Berkshire has been playing its cards closer to the vest to prevent copycat trades. In the first and second quarters of this year, Berkshire blocked some of its investments from appearing in its public 13F filings of its investment positions. The SEC allows some companies to get exemptions from disclosing their investments for up to a year, particularly when those companies are accumulating big blocks of stock and want to keep their edge over other investors.

This year Berkshire has called on that privacy in every quarter so far. That makes it hard for Buffett-watchers to get a good read on the investment strategy of Buffett’s successors – if the firm is hiding the trades that can really move markets, it’s hard to tell what Berkshire Hathaway’s view of the world is.

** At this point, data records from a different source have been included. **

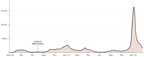 Test : 16,600,856 personnes testées depuis le premier cas (+15,893 en 24h) Vaccination : 18,341,739 doses de vaccin injectées depuis le 14 décembre 2020 date de la première injection (+15,030 doses en 24h), dernières données disponibles - MSSS en date du 21 février 2022) FRANCE : *Cas confirmés depuis le premier cas (24 janvier 2020) : 22,401,406 cas (+97,382 cas en 24h), précédent (+ 17,195) *Guérisons : 19,735,713 guérisons (+310,749 en 24h), précédent (+420,828) Taux national de Guérison : 88,10% (+) Décès : 137,276 décès (+603 en 48h), précédent (non disponible) Taux de mortalité : 0,61% (=) Cas Actifs : 2,528,417 (-217,981 en 24h), précédent (-399,701) Test : 243,529,298 (dernière donnée disponible 17 février 2022) France : Tendance cas actifs : (moins guérisons et décès)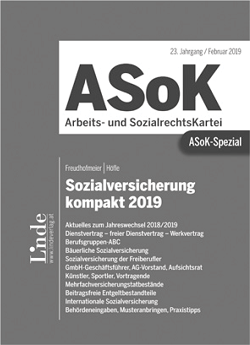 Dienstvertrag/freier Dienstvertrag/Werkvertrag – neue monatliche Beitragsgrundlagenmeldung – Berufsgruppen ABC: „Sozialversicherung kompakt 2019“ gibt Ihnen einen kompakten Überblick über das vielschichtige Sozialversicherungsrecht und präsentiert das Thema praxisnah aus der Sicht von zwei Steuerberatern. Es bereitet die Neuentwicklungen zum Jahreswechsel 2018/2019 sowie zahlreiche andere relevante Themen anwenderfreundlich auf, so zB
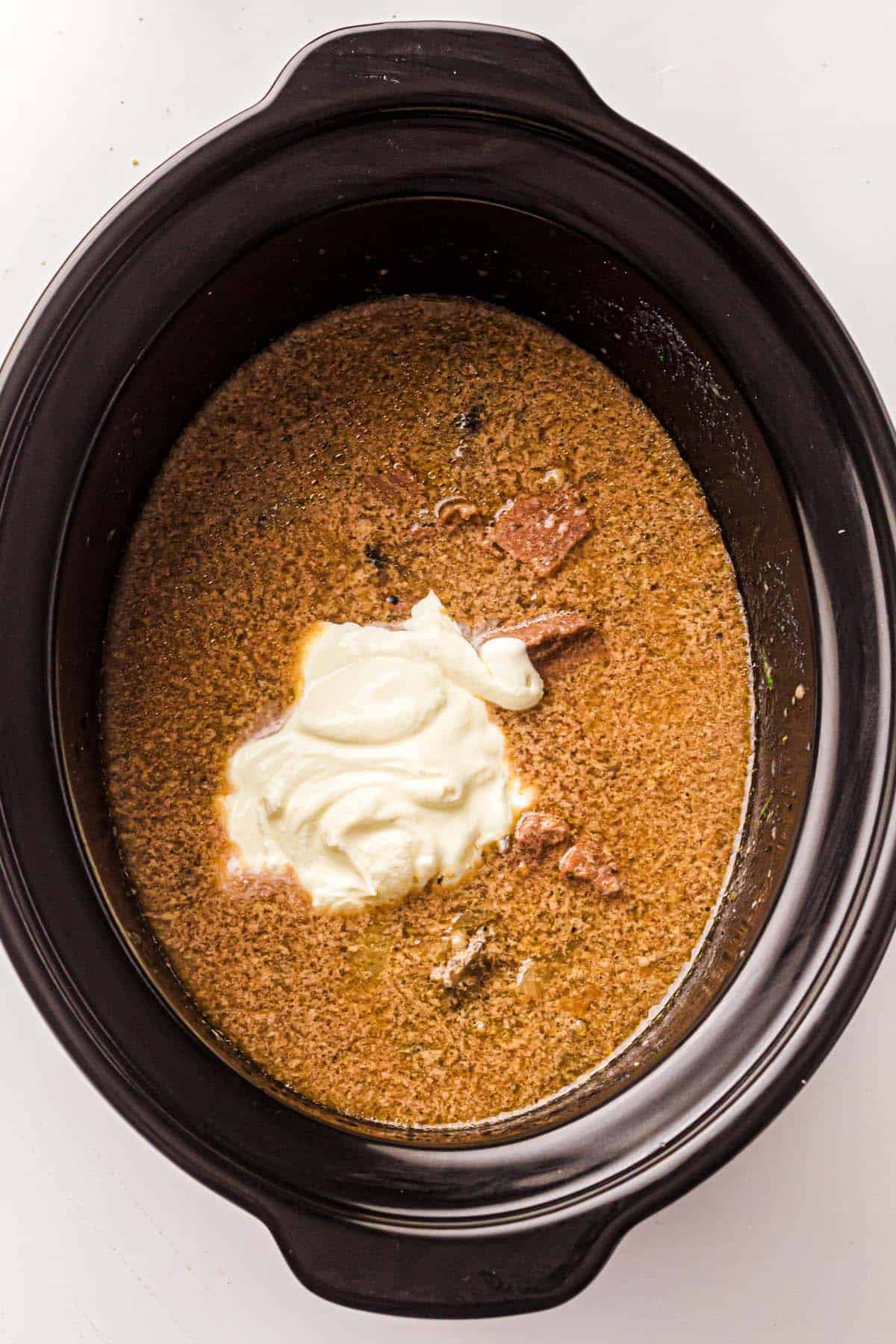 - Add sour cream: Stir in sour cream during the last 15–30 minutes of cooking. Allow it to warm through.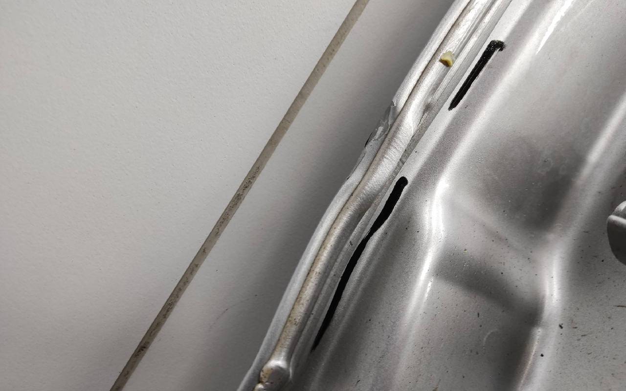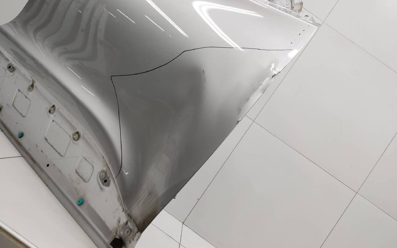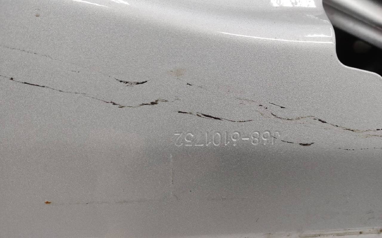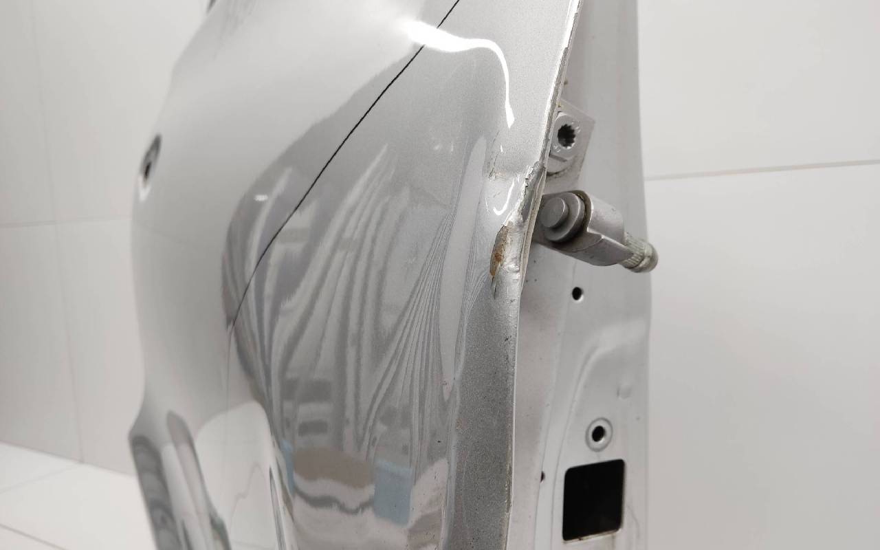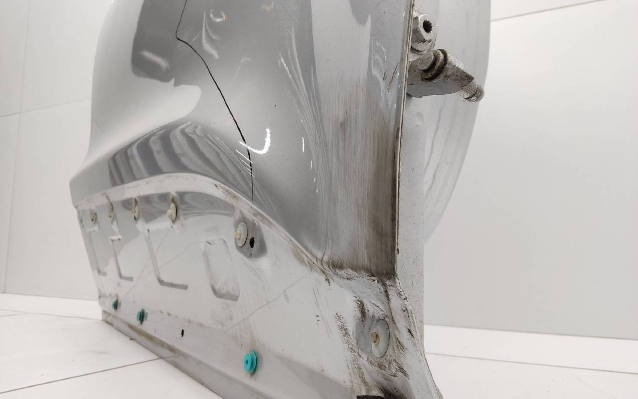 Состояние детали удовлетворительное. Серебристого цвета, скол ЛКП. Вмятины. Потребуется ремонт

It complicates matters that not one, but two people from the infamously secretive world of hedge-funds as his successors: Todd Combs and Ted Wechsler.

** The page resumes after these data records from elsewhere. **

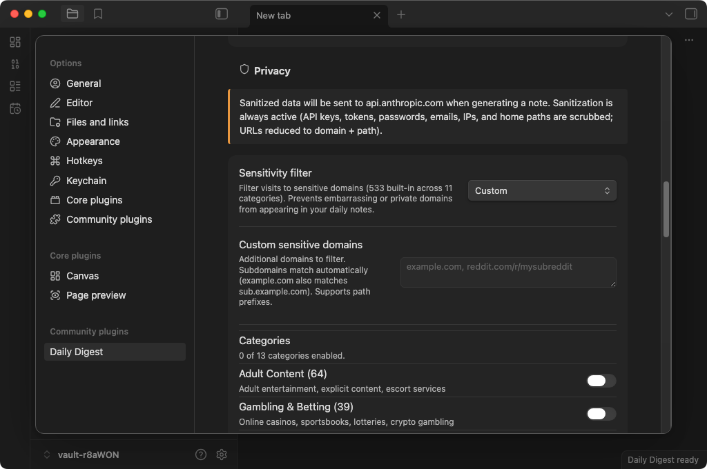 For domains you'd rather not see in your daily notes at all, the built-in sensitivity filter covers 419 domains across 11 categories:
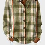 • Rutigt mönster i naturliga nyanser: grön, beige och en orange detalj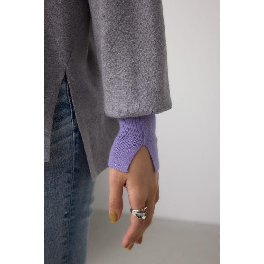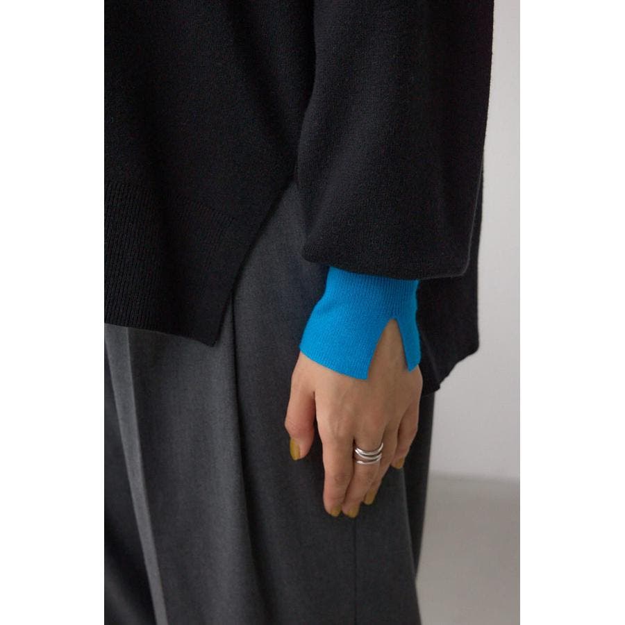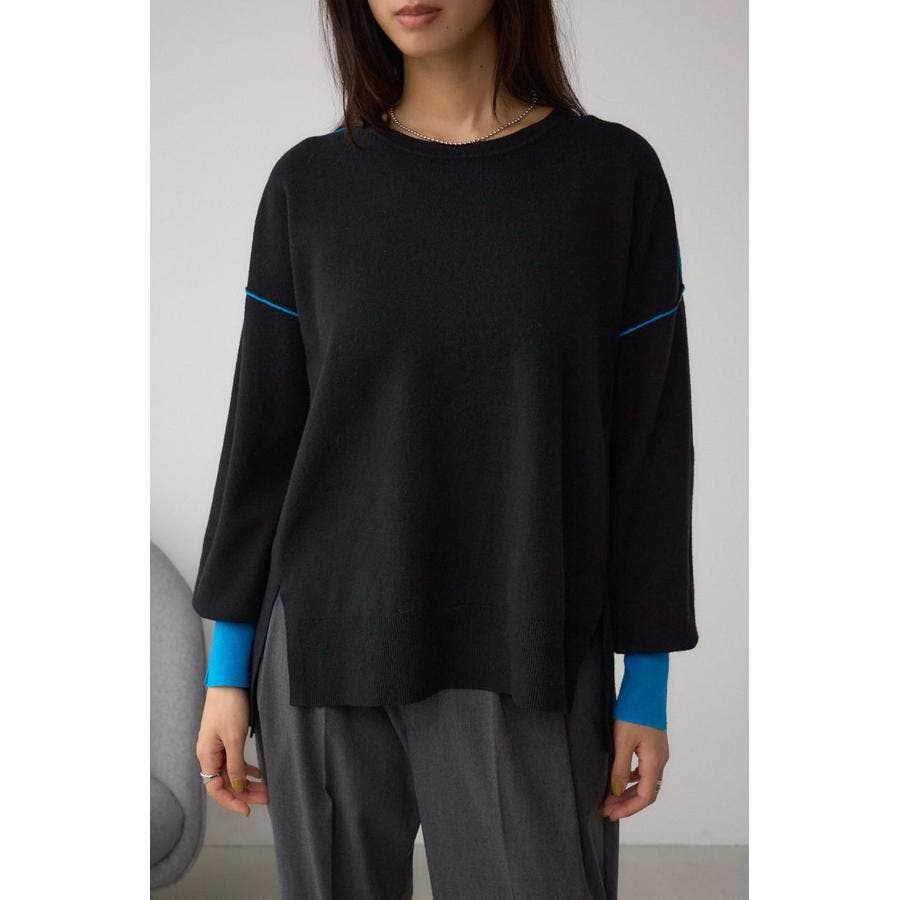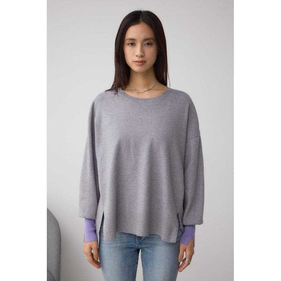 バイカラーとカフスデザインがポイントのニットプルオーバー。

Hedge funds are just this: experts who manage other people’s money, but mainly if those people are wealthy enough to pay giant fees. That includes rich families, big pension funds or college endowments.

One characteristic of the hedge fund world is that it’s populated with investors who despise revealing any aspect of their investing plans. There are thousands of hedge funds, so to fend off the competition, they like their investors to think that they are each beautiful and unique snowflakes, with wildly divergent and “proprietary” strategies and no two funds exactly alike. The difference in hedge funds can only be described, in civilized conversation, in terms of the putative brilliance of their respective fund managers.

This works fine for hedge funds because almost all of them are private, with private investors. They can take risks and lose money and make it all up within the year. But history shows that when public firms – including banks and money managers- try to act like hedge funds, disaster soon ensues. MF Global, for instance, took giant risks with its own money, using a lot of leverage, and within months ended up in bankruptcy. To a lesser extent, a lot of banks acted like hedge funds by using their “proprietary trading” arms, which made bets on mortgage derivatives using their firms’ “own” money. Of course, when those bets failed, the banks didn’t pay with their “own” money; they made good with taxpayer money.

All of which generally supports the idea of leaving hedge-fund type investing, with its secrecy and its bold risks, to hedge funds. Berkshire Hathaway, an admired conglomerate that carries Buffett’s longtime reputation for transparency, made its name as a value investor that held on to stocks for a long time – so it didn’t care that a lot of people might pile in or leave a stock in the short term. With two hedge-fund managers at the helm, will Berkshire turn a closer eye on the short term?